The equilibrium constant \(K\) offers a quantitative measure of the position of equilibrium for a chemical reaction at a given temperature. In the problem, we have the equilibrium constant \(K_{owendl}\) for the formation of \(\mathrm{Ni}\left(\mathrm{NH}_3\right)_6^{2+}\) ion, with a value \(5.5 \times 10^8\).
This large value of \(K\) indicates that the equilibrium lies significantly toward the product side, meaning the complex ion formation is favored.
The mathematical relationship is expressed as: \[K = \frac{\left[\mathrm{Ni}\left(\mathrm{NH}_3\right)_6^{2+}\right]}{\left[\mathrm{Ni}^{2+}\right]\left[\mathrm{NH}_3\right]^6}\]
It shows the concentrations of products over reactants. In this particular case, since \(K\) is very large, the concentration of \(\mathrm{Ni}^{2+}\) without ligands is practically negligible. Understanding \(K\) is crucial for predicting which form nickel will predominantly exist in at equilibrium.

ICE Table Method

The ICE table method is a systematic approach used to track the Initial concentrations, the Change in concentrations, and the Equilibrium concentrations of species in a reaction. It simplifies solving equilibrium problems by organizing information clearly.

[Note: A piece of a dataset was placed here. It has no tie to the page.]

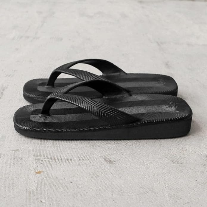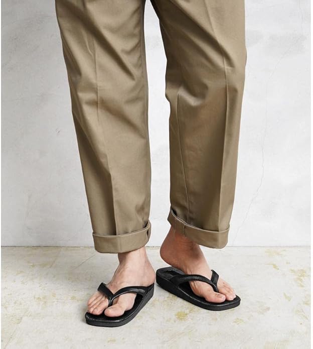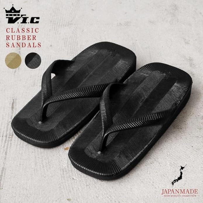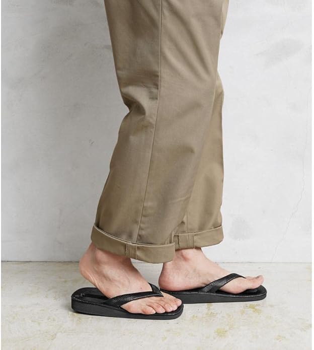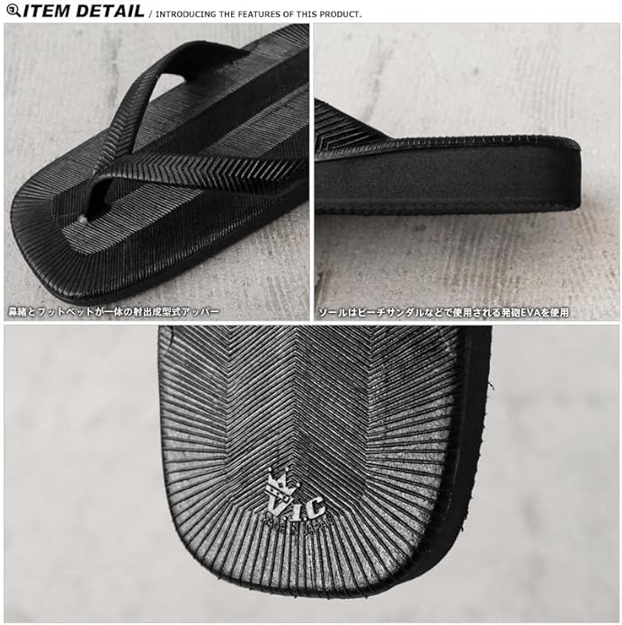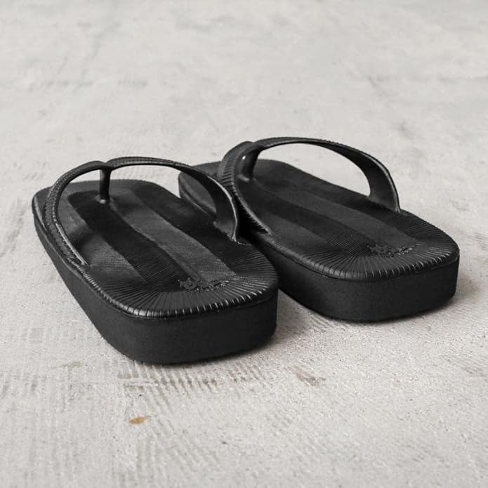 和の雰囲気を感じる雪駄ようなビーチサンダルです。 アッパーは射出成型式で鼻緒とフットベットが一体になっており、ソールはビーチサンダルなどで使用される発砲EVAを使用していますので水辺でも問題なく使用が出来ます。 底には波型のソールパターンが施され滑りにくい仕様になっています。

In the exercise:- **I**nitial concentrations: we begin with known concentrations of \(\mathrm{Ni}(\mathrm{NH}_3)_6^{2+}\) and \(\mathrm{NH}_3\). - \(\mathrm{Ni}(\mathrm{NH}_3)_6^{2+}\): 0.20 M - \(\mathrm{NH}_3\): 3.0 M - **C**hange: \(x\) amount of \(\mathrm{Ni}^{2+}\) is produced, impacting both reactants and products. - Ammonia decreases by \(-6x\), reflecting its stoichiometric consumption. - **E**quilibrium: sums the initial with the change. - \(\mathrm{Ni}^{2+}\) is \(x \), approximate as small, determining \(0.20 + x\) By using the ICE table, assumptions like \(x\) is small (relative to initial values) help simplify calculations, demonstrating equilibrium calculations even in complex ion scenarios.